Problem details: The expected result is an exact copy of the lines from the one holding "En la tabla" to the last line of the material, with pictures removed and nothing added.

Records for processing:
Segment Open
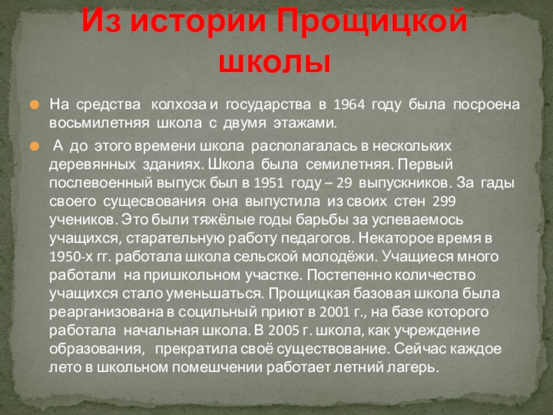 Из истории Прощицкой школы
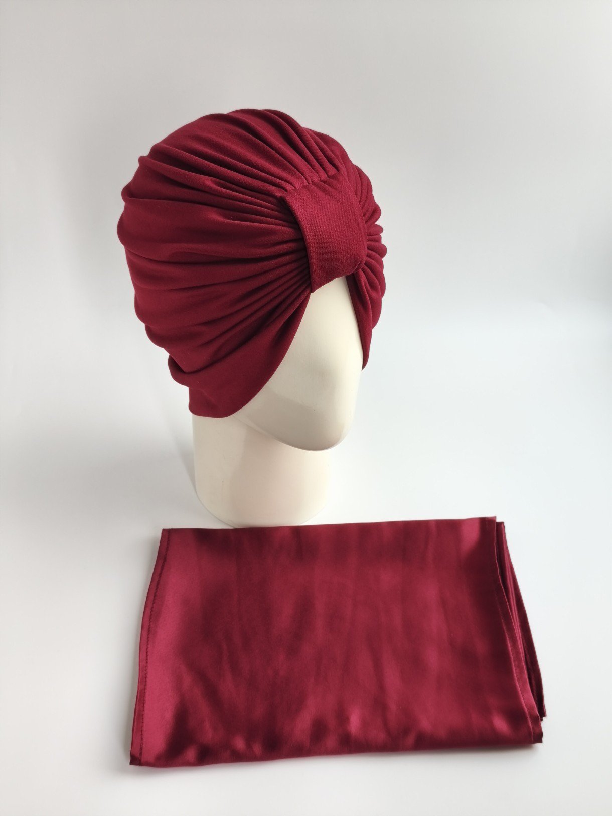 Gorro Turbante con pañoleta – vino .
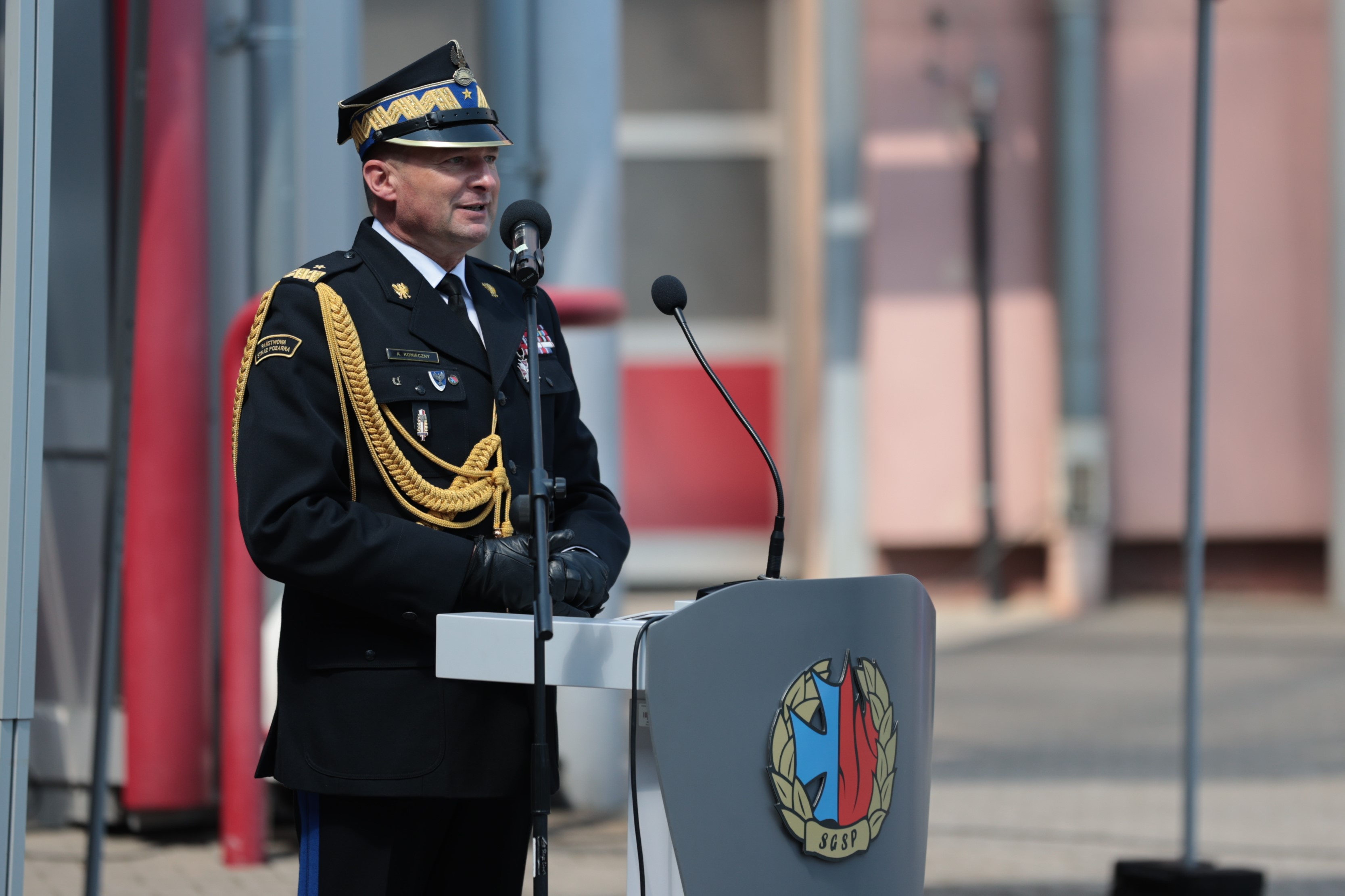 „W ocenie pana Prezydenta RP oraz pana Premiera RP ochrona przeciwpożarowa zajmuje ważne miejsce w systemie bezpieczeństwa publicznego, stanowi fundament. Zostało to zauważone i podkreślone przez najwyższe władze państwowe.” – przekazał zebranym nadbryg. Adam Konieczny.
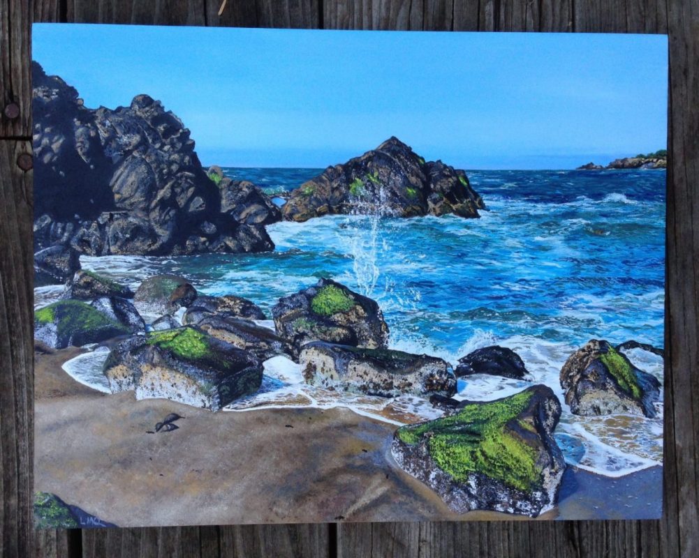 Description: Painted from a photo I took at the Oregon coast. Oils over acrylic block in. On 11by14 inch MDF artist panel.
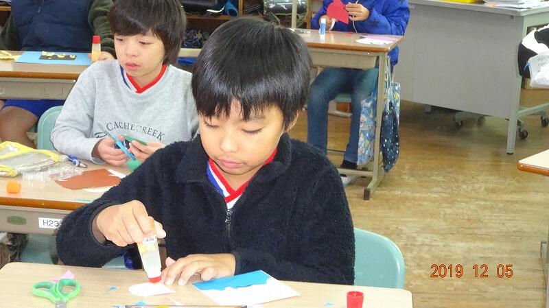 3・4年生の図工の時間です。自分の思いを自由に折り紙などを使って表現していました。自分の思いを表現するのは、なかなか難しいようでどうしようが悩んでいる人もいました。最後には、全員自分の作品を完成することができていました。
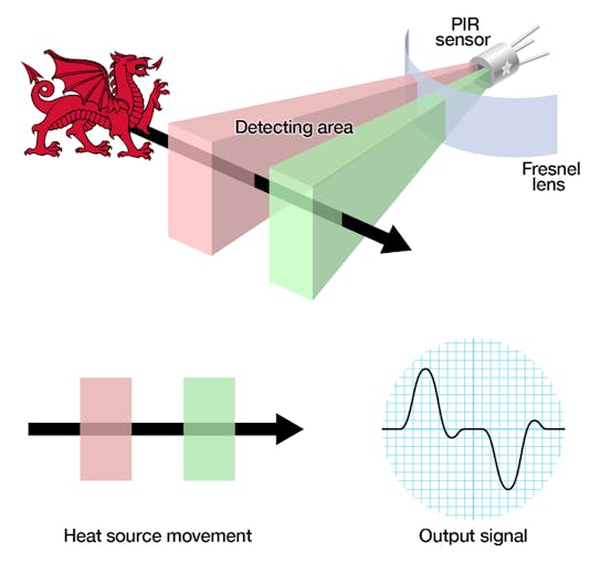 PIR sensors are more complicated than many of the other sensors explained in these tutorials (like photocells, FSRs and tilt switches) because there are multiple variables that affect the sensors input and output. To begin explaining how a basic sensor works, we'll use this rather nice diagram. The PIR sensor itself has two slots in it, each slot is made of a special material that is sensitive to IR. The lens used here is not really doing much and so we see that the two slots can 'see' out past some distance (basically the sensitivity of the sensor). When the sensor is idle, both slots detect the same amount of IR, the ambient amount radiated from the room or walls or outdoors. When a warm body like a human or animal passes by, it first intercepts one half of the PIR sensor, which causes a positive differential change between the two halves. When the warm body leaves the sensing area, the reverse happens, whereby the sensor generates a negative differential change. These change pulses are what is detected.
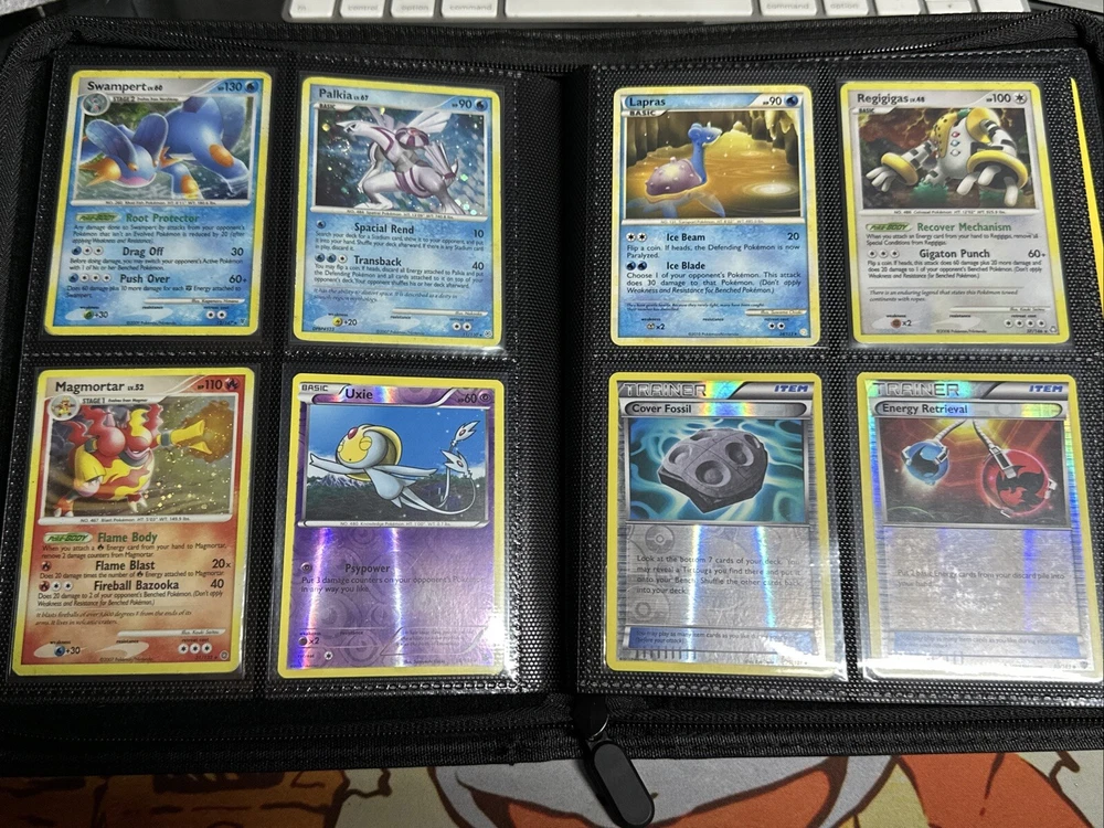 Cards range from NM-DMG. Most of the cards are going to be played. Do not purchase with the intent of grading, these are meant for binder copies. Please view the eBay card condition guidelines for further details: https://pages.ebay.com/cardconditions/ Understand that scans can have more scratches that are not as visible, so please use the labeled card condition to also determine condition. If there are any creases, indentions, or anything major on individual singles, I will always photograph them for you. Orders under $20 will be shipped with eBay standard envelope. Typically inside of a penny sleeve, toploader, team bag, inside of a cardboard envelope. Orders over $20 will be shipped USPS Ground Advantage. Typically inside of a penny sleeve, toploader, Team bag, inside of another team bag with corrugated plastic on each side, in a bubble mailer. Message me if you have any questions!
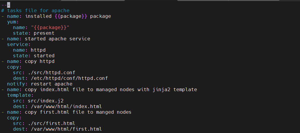 >> ex> tasks dir의 main.yml 에서 - tasks: 빼고 옮긴다
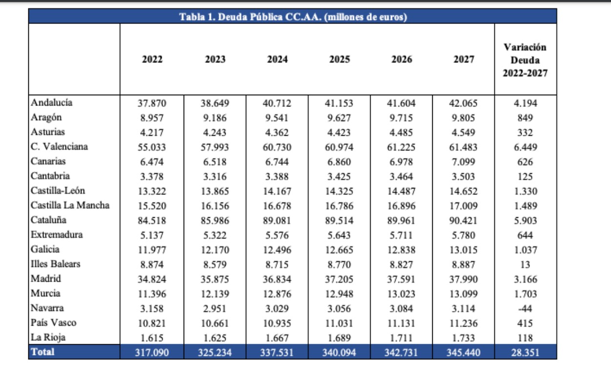 En la tabla anterior se observa que Cataluña era, con diferencia, la comunidad autónoma con el mayor volumen de deuda de España en 2022 (84.5183 millones) y que lo seguirá siendo en 2027, cuando habrá aumentado su deuda hasta los 90.421 millones de euros.
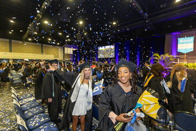 Confetti rains down as 2025 Lynn University graduates celebrate.
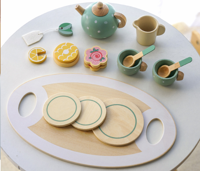 Drewniany zestaw serwis herbaciany dla dzieci zastawa do zabawy herbatki prezent
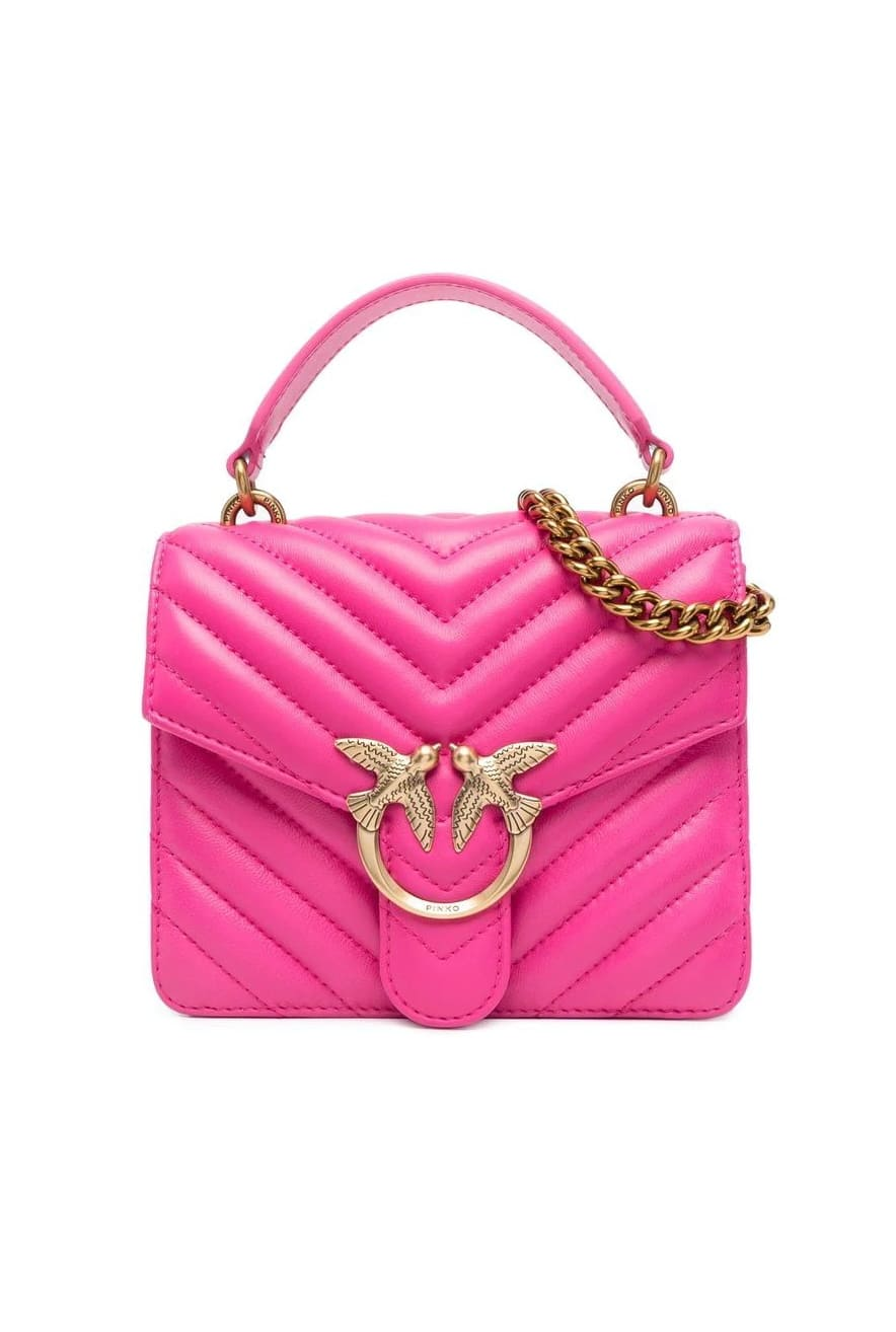 Мини-сумка Love Bag Top Handle выполнена из кожи наппа со стеганым шевронным узором. Застежка с клапаном дополнена легендарной металлической пряжкой Love Birds Diamond Cut. Внутреннее отделение на подкладке из микрофибры. Дизайн завершают кожаная ручка сверху и съемный плечевой ремень в виде металлической цепочки с круглыми звеньями и регулируемым наплечником из кожи наппа.
Segment Closed
Exercise answer:
 En la tabla anterior se observa que Cataluña era, con diferencia, la comunidad autónoma con el mayor volumen de deuda de España en 2022 (84.5183 millones) y que lo seguirá siendo en 2027, cuando habrá aumentado su deuda hasta los 90.421 millones de euros.
 Confetti rains down as 2025 Lynn University graduates celebrate.
 Drewniany zestaw serwis herbaciany dla dzieci zastawa do zabawy herbatki prezent
 Мини-сумка Love Bag Top Handle выполнена из кожи наппа со стеганым шевронным узором. Застежка с клапаном дополнена легендарной металлической пряжкой Love Birds Diamond Cut. Внутреннее отделение на подкладке из микрофибры. Дизайн завершают кожаная ручка сверху и съемный плечевой ремень в виде металлической цепочки с круглыми звеньями и регулируемым наплечником из кожи наппа.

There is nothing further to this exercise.